This is actually the first time I have used a Luminus led, and I must say that I am quite pleased with the results. I have found that these leds have a nice color, and seem to be far more robust than MCE or P7 emitters. Enough about that, off we go...

For a host I chose the Ultrafire A10B that I used in my other EDC projects because they are simple to use, and have a thicker body than other small 18650 hosts I have used. I also think they are one of the best looking too.



To start I of course removed the factory R2 and driver from the pill, that simply unscrews from the head.

For my Led I chose the 4500k neutral white SST-50 from Avnetexpress.com

I don't like using bare emitters unless I have no alternative. I just don't think even the best heat sinking with thermal compounds compares to the fast acting heat dispensation you get using a star. Since the only SST/R-50s I could find were on 20MM stars too big for this type of project I had to improvise.

It just happens that thermal and electrical path of the SST-50 is identical to that of a Cree XRE, so I removed a damaged Q3 from the board and used that.



(The board I actually use was in a bit nicer condition than the one pictured, but I didn't decide to do this thread until after I had assembled it)

I didn't have any solder paste at the time, but no matter. Just put a very small amount of solder on the pad and + - connects under the led. All you really need is enough to cover it with a thin layer. Putting solder on the led is unnecessary, and it may cause the led to be raised off the board slightly. I did however put a tiny bit of flux on the led before adhearing it to the PCB.

Next simply clamp the PCB in a way that it will not loose heat quickly (ie don't just clam it in the vice) Align the led, then heat the board. For this I just used my soldering iron. Its a fairly hot iron so it wets the solder on this tiny board quicly.



As soon as the solder melts, I quickly remove the heat and touch an ice cube to the bottom of the board so that the led does not stay hot any longer than needed.

If you don't have a soldering iron that will melt the solder quickly, another way I have done these for larger thick PCBs is to clamp some wide aluminum flat bar into the vice, set the PCB on top of that, and then heat it from underneath with a propane torch.

Once this is done just glue the led to the heat sink with a thin layer of Arctic Alumina or Arctic Silver epoxy.

At first I decided to install a 3 mode MCE driver from Shiningbeam thinking that 2.5 amp would be good enough for a high.
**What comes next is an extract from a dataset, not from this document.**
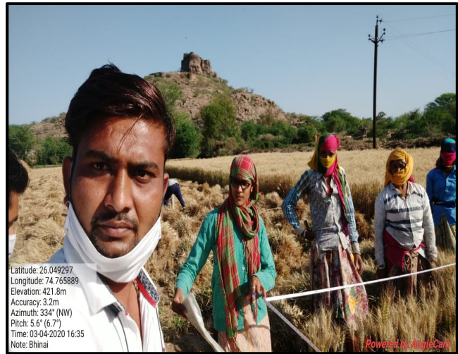
District: Ajmer, Tehsil: Bhinai

HDFC ERGO General Insurance Company Limited. IRDAI Reg. No.146. CIN: U66030MH2007PLC177117. Registered & Corporate Office: 1st Floor, HDFC House, 165-166 Backbay Reclamation, H. T. Parekh Marg, Churchgate, Mumbai – 400 020. For more details on the risk factors, terms and conditions, please read the sales brochure/ prospectus before concluding the sale. Trade Logo displayed above belongs to HDFC Ltd and ERGO International AG and used by the Company under license. UIN: CSC - Pradhan Mantri Fasal Bima Yojana - HDE-AG-P18-25-V01-17-18, Pradhan Mantri Fasal Bima Yojana- IRDAN125P0003V01201617 UID-XXXX
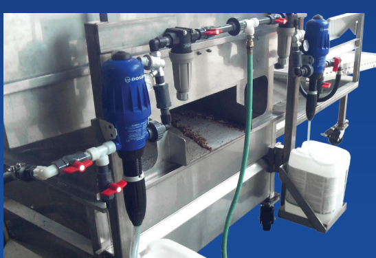
Sanitization Option Includes:

Sanitization chemical pumps Mount for 5 gallon chemical storage containers Sanitization manifold in machine

This failed to please me for several reasons I will explain. Even after letting the light run what I thought was long enough to do a "burn in" a few times the output just did not impress me.
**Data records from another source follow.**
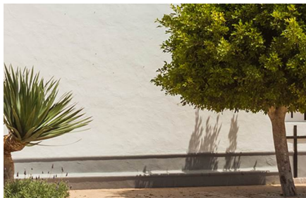
Santa Gertrudis de Fruitera
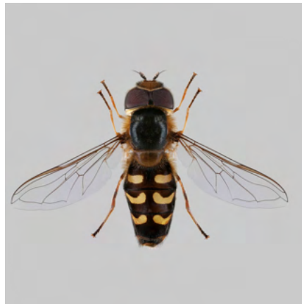
Scaeva selenitica male habitus
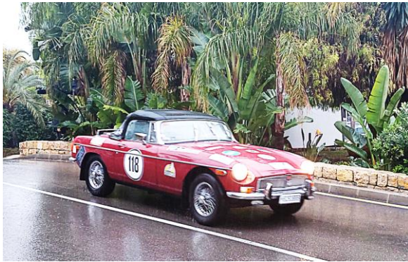
1973 MGB – a British entry

Over a hundred race-prepared cars were taking part and amongst them I spotted four MGs. Earlier in the day, this MGB had been suffering from an overheating alternator. While I was watching, a mechanic touched it whilst the engine was running and received a fierce electric shock. In the rain he must have earthed himself! It looked like the fan belt was a bit too tight, causing the alternator's bearings to overheat.
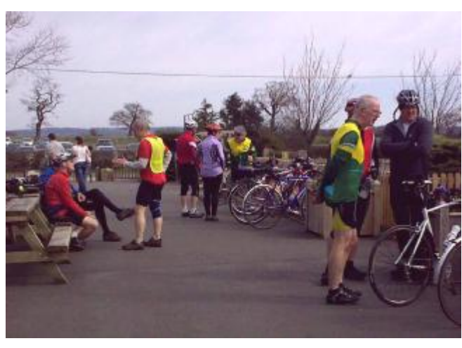
The 'A' team wasn't far behind us and stopped for a quick ice cream.

The Venetian Marina café was reached at midday, where we were made very welcome - our arrival having been prearranged by phone.
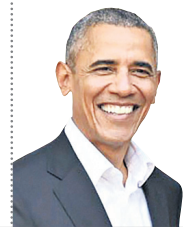
Barack Obama Former US President

India should cherish and nurture its large Muslim population that thinks of itself as Indian... If communities across India are saying they won't fall prey to division, then it will strengthen the hand of politicians who feel that way
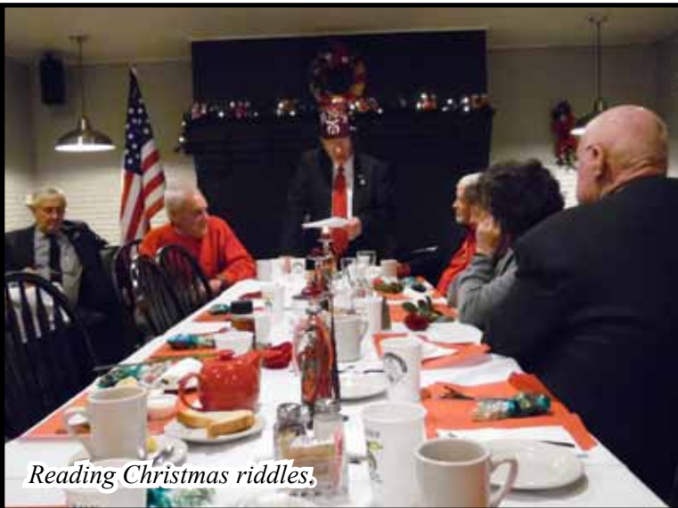
Reading Christmas riddles.

So without much hesitation I decided to go direct drive with it. This proved to be slightly better, but still not what I expected, even on an IMR cell. I took some measurement from the tail and found that I still was not getting the current I needed to the led. Wanting to see just how hard I could drive this thing, I series connected 4 fully charged Duraloops and connected them to the light using my DMM. I figured that with that much extra voltage I could power through the extra resistance of the DMM to at least find out how far I could push the emitter.

When I touched the DMM lead to the final connection it instantly jumped to 4+ amps and then in a few seconds climbed higher, and higher to about 5.86 amps where the soft yellow light began to shift to a light blue, where I disconnected the power. Now that I knew the heat sinking was adequate for the current it was time to get there using one cell.

At the time I was using a forward click tail switch that I got from Shiningbeam. This switch was a great replacement for the factory switch when I used if for XPG applications, but for the 5A drive of an SST it proved to be flawed. Guessing that this was my weak point since I had already beefed up the top end to DD using 22g copper wire, I proceeded to mod the tail cap.

At first I just wanted to see if it would help so I removed the switch, and just threw in a chunk of solid aluminum, on one regular 18560 the light was clearly brighter and the color of the led had not yet shifted to blue. Immediately after I slipped in and IMR cell. With the light already warm from the first test the color of the led INSTANTLY became nasty blue/purple😱. I could hardly get the cap off fast enough to save my precious led. Fortunately as I mentioned before these led are far more robust than the MCE or P7. I think had I put that much current through one of them I may have been looking at having only 3 or 2 dies left if any at all.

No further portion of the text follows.